About this exercise –
Below are some entries. Transcribe the lines from the one holding "และเราสามารถกำหนดกลุ่มของ Task ได้ด้วย" to the one holding "Con la finalidad", inclusive, but not the pictures among them.

Dataset extract –
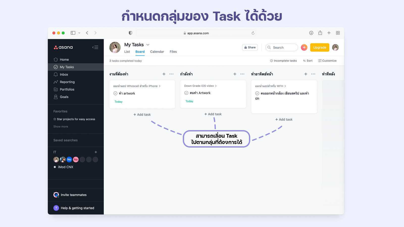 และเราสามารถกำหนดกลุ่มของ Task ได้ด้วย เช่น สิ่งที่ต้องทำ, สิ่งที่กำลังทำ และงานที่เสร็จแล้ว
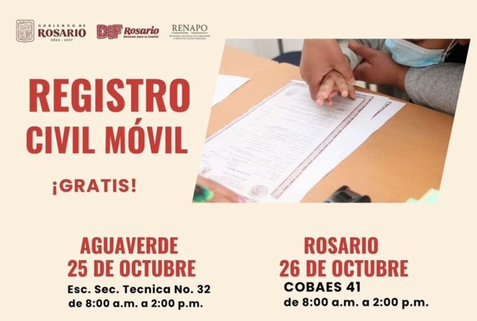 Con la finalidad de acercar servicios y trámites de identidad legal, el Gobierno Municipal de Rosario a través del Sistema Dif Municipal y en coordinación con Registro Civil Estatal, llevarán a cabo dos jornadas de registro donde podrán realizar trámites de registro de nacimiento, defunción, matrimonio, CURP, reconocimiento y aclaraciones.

--

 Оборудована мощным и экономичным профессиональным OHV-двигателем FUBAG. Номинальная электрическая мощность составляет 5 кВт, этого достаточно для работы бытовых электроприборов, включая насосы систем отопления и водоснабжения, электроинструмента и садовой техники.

Answer box –
 และเราสามารถกำหนดกลุ่มของ Task ได้ด้วย เช่น สิ่งที่ต้องทำ, สิ่งที่กำลังทำ และงานที่เสร็จแล้ว
 Con la finalidad de acercar servicios y trámites de identidad legal, el Gobierno Municipal de Rosario a través del Sistema Dif Municipal y en coordinación con Registro Civil Estatal, llevarán a cabo dos jornadas de registro donde podrán realizar trámites de registro de nacimiento, defunción, matrimonio, CURP, reconocimiento y aclaraciones.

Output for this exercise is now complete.